China’s recent efforts to control the trade of illicit animal products both into the country and within its borders are a positive development. As I mentioned in a previous post on Chinese wildlife enforcement measures, China has one of the best track records in Asia when it comes to border enforcement and seizures. Successful seizures and arrests, however, bely surging demand for and consumption of products like elephant ivory and rhino horn. The rate of growth of this illegal market shows that enforcement an public awareness campaigns are not perhaps as successful as they are touted to be. In this posting I will be looking at the legal framework for wildlife conservation and the loop-holes exploited by ivory and tiger bone traders in China.
China’s wildlife conservation legislation is centered around its 1988 Wildlife Protection Law. While its intentions are good, ambiguous language and goals, limited protection, and decentralized responsibility for enforcement and monitoring have made wildlife protection efforts a difficult battle for Chinese conservationists. The official position of 1988 law maintains that the principle purpose of wildlife is for human domestication and consumption. State agencies regulating domestic ivory trade have the conflicting missions of preserving traditional ivory carving heritage and cracking down on post-ban ivory products. Furthermore, captive animals are afforded almost no protection under the law, encouraging poachers and trappers to capture breed animals illegally. This also results in the inhuman standards at facilities such as bear bile and tiger farms that have been only recently come under critical scrutiny in the West.
Complicating enforcement further, the laws stipulate that the already cash-strapped provincial and regional governments are responsible for funding their protection campaigns and deciding the punishments for infractions. This ambiguity and lack of centralized authority can lead to lax oversight and potentially corrupt practices between enforcers and poachers. Agencies as diverse as the State Forestry Administration and the State Administration for Cultural Heritage are all designated certain specific roles in regulating the trade. Buck-passing by agencies and law enforcement with overlapping responsibilities has become commonplace in China. Ambiguous legislation and delegation of authority allow for local level officials to interpret the laws to best serve their self interests. Even though Chinese law carries some of the stiffest penalties in the world for high-order wildlife trafficking—including life imprisonment—these penalties are rarely if ever implemented.
China signed on with CITES in 1981. Currently its only major reservations include those on captive breeding. Alligator and tiger farms operate with the official purpose of re-introducing these severely endangered species into their original habitats. According to their own estimates, of the four sub-species of tiger native to the Chinese mainland, only 40 – 50 remain in the wild. In a letter to the Secretary General of the 16th Conference of the Parties in Bangkok, the director of the CITES Management authority of China states:
The policy on banning of trade in tiger bone had been implemented in China since 1993. The stockpile of tiger bones obtained before 1993 are being kept sealed and the tiger parts coming from captive bred tigers are strictly regulated.

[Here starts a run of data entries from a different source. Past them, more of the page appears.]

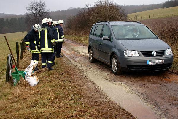 In einer Senke setzte der Wagen mit der Ölwanne auf, so dass diese beschädigt wurde und Öl auslief. Der gerufene ADAC konnte des aufgeweichten Zustands des Weges nicht zu dem Fahrzeug vordringen. Die ebenfalls gerufene Polizei alarmierte dann den Löschbezirk Dirmingen.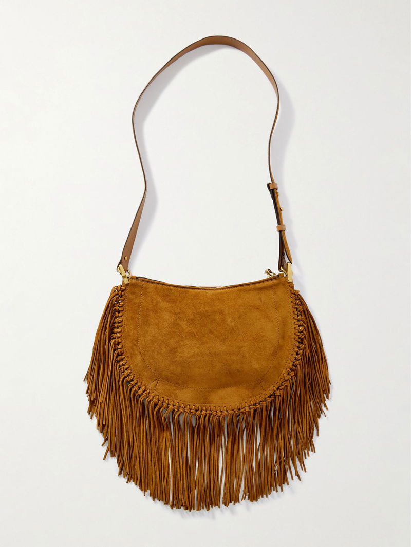 Crafted from supple suede, it has a half-moon shape traced with swishy fringing and opens to a twill-lined interior sized to fit your phone, cardholder and keys.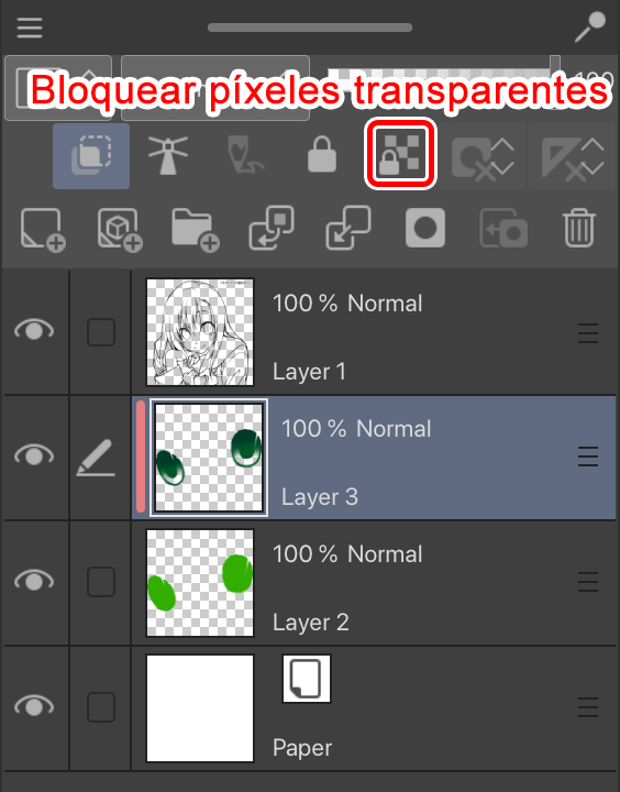 Esto bloqueará los píxeles transparentes para que solo sea posible modificar los opacos.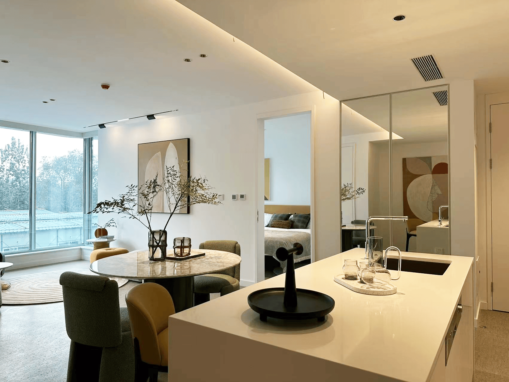 融合活力公寓区、专业护理区、四季美学生活中心及社区医护中心四大业态,提供600余套养老居室、188张养老床位,房型多样,适配不同需求。房间配置直接拉满高端线:正负压户式新风系统、葡萄牙进口软木地板、全景落地窗,中央空调+地暖双供暖,24小时热水+风暖浴霸,全方位保障居住舒适。

Not only does the presence of a government sanctioned tiger product trade offer poachers legal cover, but ineffective and inconsistent certification methods often make it impossible to determine which products are indeed legal and which are not. Another study points out that, “wild-sourced parts would consistently undercut the prices of farmed tigers that could easily be laundered on a legal market.” Their survey also indicates that despite awareness of the environmental impact and the illegal status of tiger consumption, 43% of subjects had consumed products containing tiger.

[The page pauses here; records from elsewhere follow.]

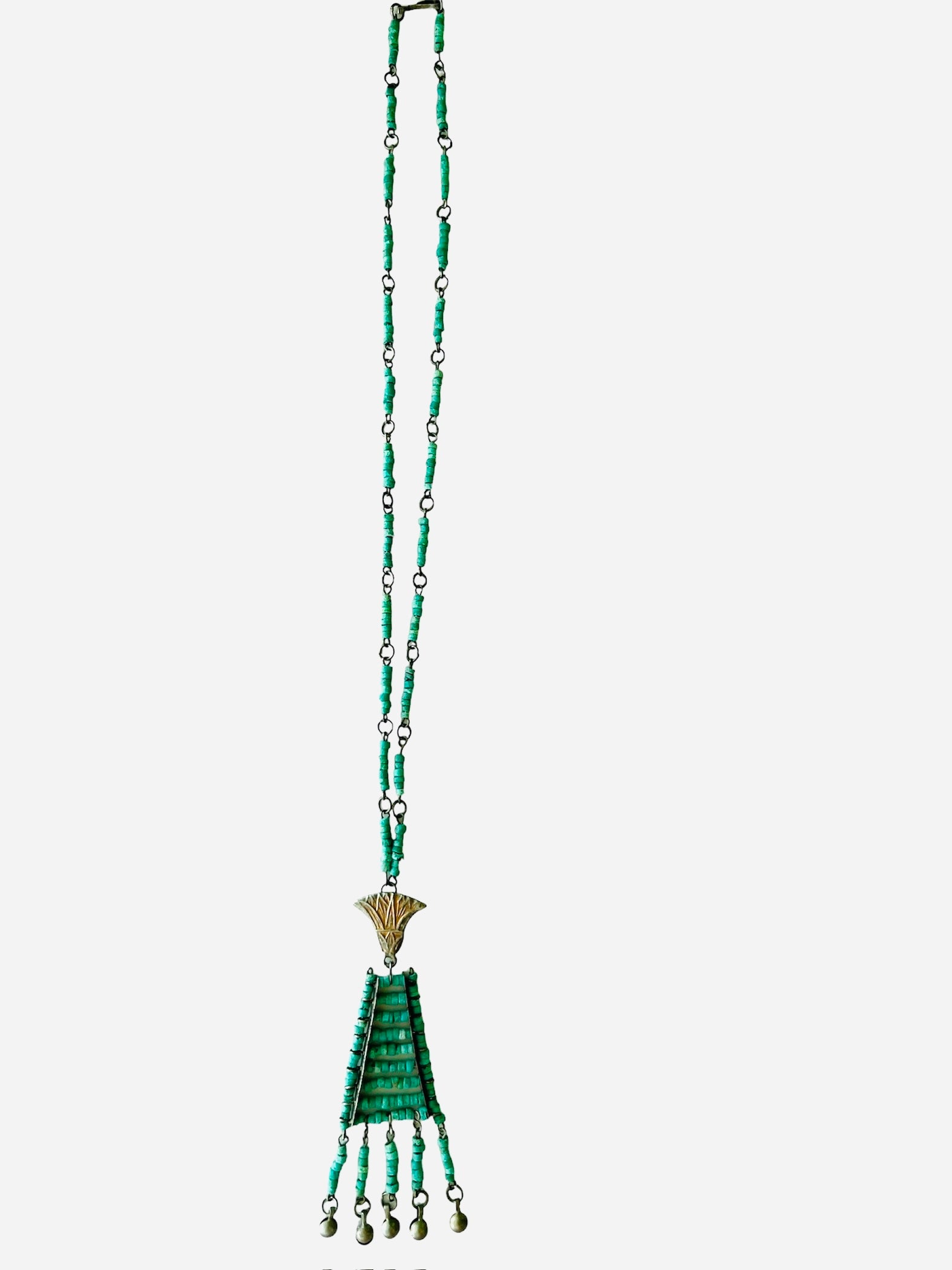 VINTAGE! collana lunga con perline verde mare, elemento fiore e ciondolo finale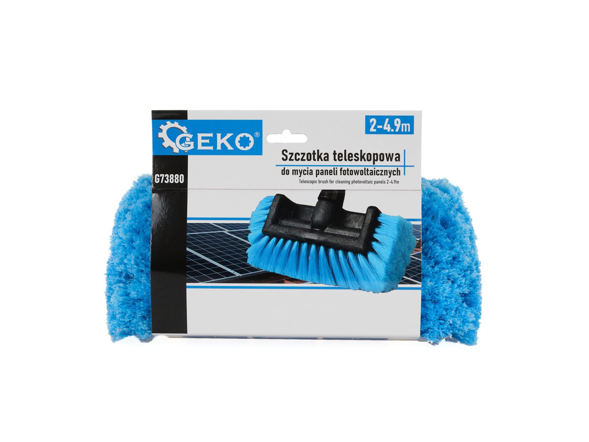 Setul pentru curatarea panourilor fotovoltaice Geko G73880 reprezinta o solutie completa si eficienta pentru mentinerea performantei optime a sistemelor solare. Cu un maner telescopic reglabil in lungime intre 2 si 4.9 metri, acest set va permite sa ajungeti la inaltimi variate, facilitand curatarea si intretinerea panourilor solare cu un minim de efort.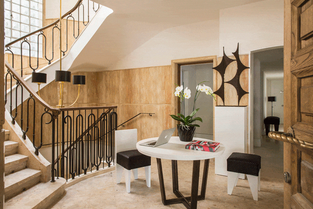 מעצב הפנים האיטלקי דוראטה תכנן ועיצב את הוילה כך שתיטיב לשמור על אווירת הפרטיות של הבית. דורטה התייחס בכובד ראש למאפיינים המקובלים של המעונות הפרטיים שנבנו באותה עת, וביקש להותיר את רוח התקופה נוכחת במקום. כך, שמר על ייחודו של המבנה, הנובע בין השאר, מהשלמות הנוצרת מתכנון מקיף של החלל ועד ירידה לפרטי הפרטים. פרטי הפנים מעוצבים- ובהם סורגים, קמין, דלתות למבואות, ספריית גומחה- וניכרת בהם תשומת לב לעיצוב הצורני והקפדה על בחירת החומרים. הללו משלימים את ההרמוניה של החלל.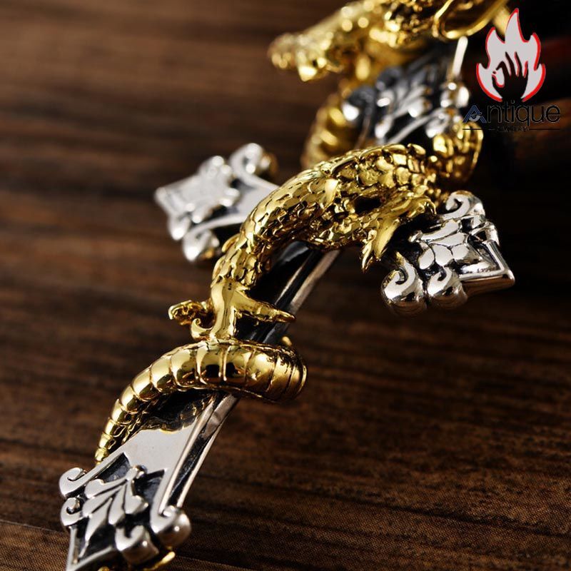 Antique Jewelry ビンテージ&ミステリアス!欧米風ドラゴンクロスペンダントと龍のプレートペンダント!S925銀製のゴージャスなドラゴンシルバーアクセサリー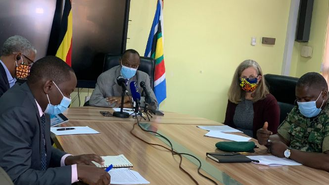 Uganda's Director-General of Health Services Dr. Henry Mwebesa (centre) addresses the press. /Ministry of Health Uganda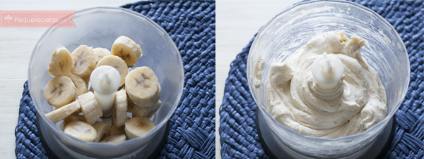 - Quitamos el plátano del congelador y lo dejamos a temperatura ambiente por 5 minutos, luego lo ponemos en el robot de cocina, la picadora o la licuadora (en este caso deberá ser potente) y licuamos por 2 o 3 minutos, raspando los bordes con una espátula cada tanto para que se mezcle bien, hasta que se forme una crema homogénea. Servimos inmediatamente.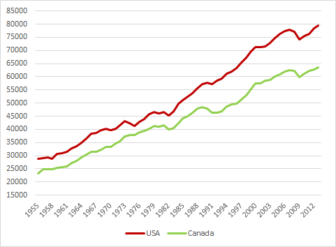 Figure 1: Real GDP per American and Canadian aged 15-64, converted to 2013 price level with updated 2005 EKS purchasing power parities, 1955-2013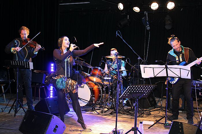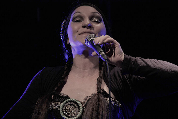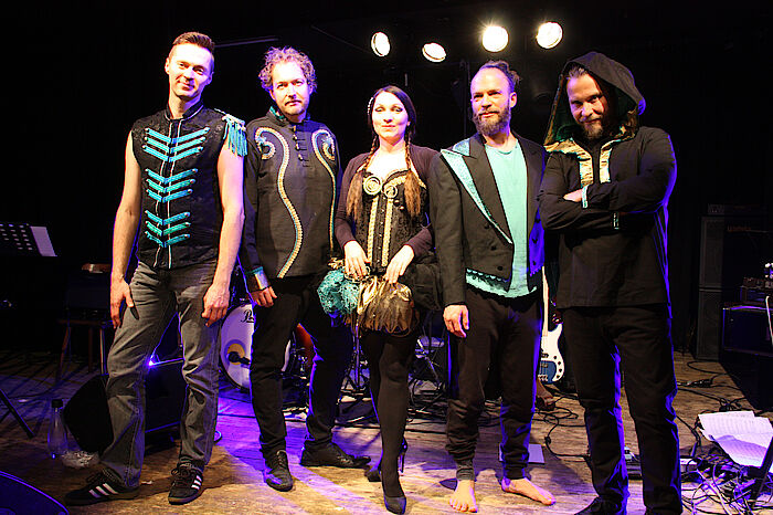 Der Anfang klang wie der Beginn eines Märchens der Gebürder Grimm. „Es war einmal oder war auch nicht ein Menschlein namens Zweigesicht, das sang und rang nach Worten an Orten voller Nacht und Licht“, war aus den Lautsprecherboxen zu hören. Gemeint war das Alter Ego von Miriam Arens, die kurz darauf grell geschminkt und in schillerndem Rock gekleidet zusammen mit vier weiteren Mitgliedern der Band Liliath den ersten Song eines in vielerlei Hinsicht ungewöhnlichen Konzertabends anstimmte. Dabei klang schon das Eröffnungsstück „Of White Bubbles“ wie die Hintergrundmusik zu einer Zirkusaufführung, die alle Sinne herausforderte. Sängerin Miriam Arens nannte es eine „illusorische Performance“, strich einmal kurz über ihre langen Zöpfe und bedankte sich schon vor dem zweiten Stück beim Kulturverein Isar-Loisach der die Livestream-Aufzeichnung ermöglichte.

It is clear that half-measures towards wildlife conservation in China have only served to further inflate the already world-leading illegal wildlife market. The legal sale of pre-ban wildlife products has provided sufficient cover in a poorly regulated domestic market to allow illegally smuggled products to supply rapidly growing demand. In China, government bans and tougher enforcement may be the only viable option for reducing illicit trade. Because of China’s particular sensitivity to its global reputation, greater international diplomatic pressure on China to clean up their markets at home should be considered.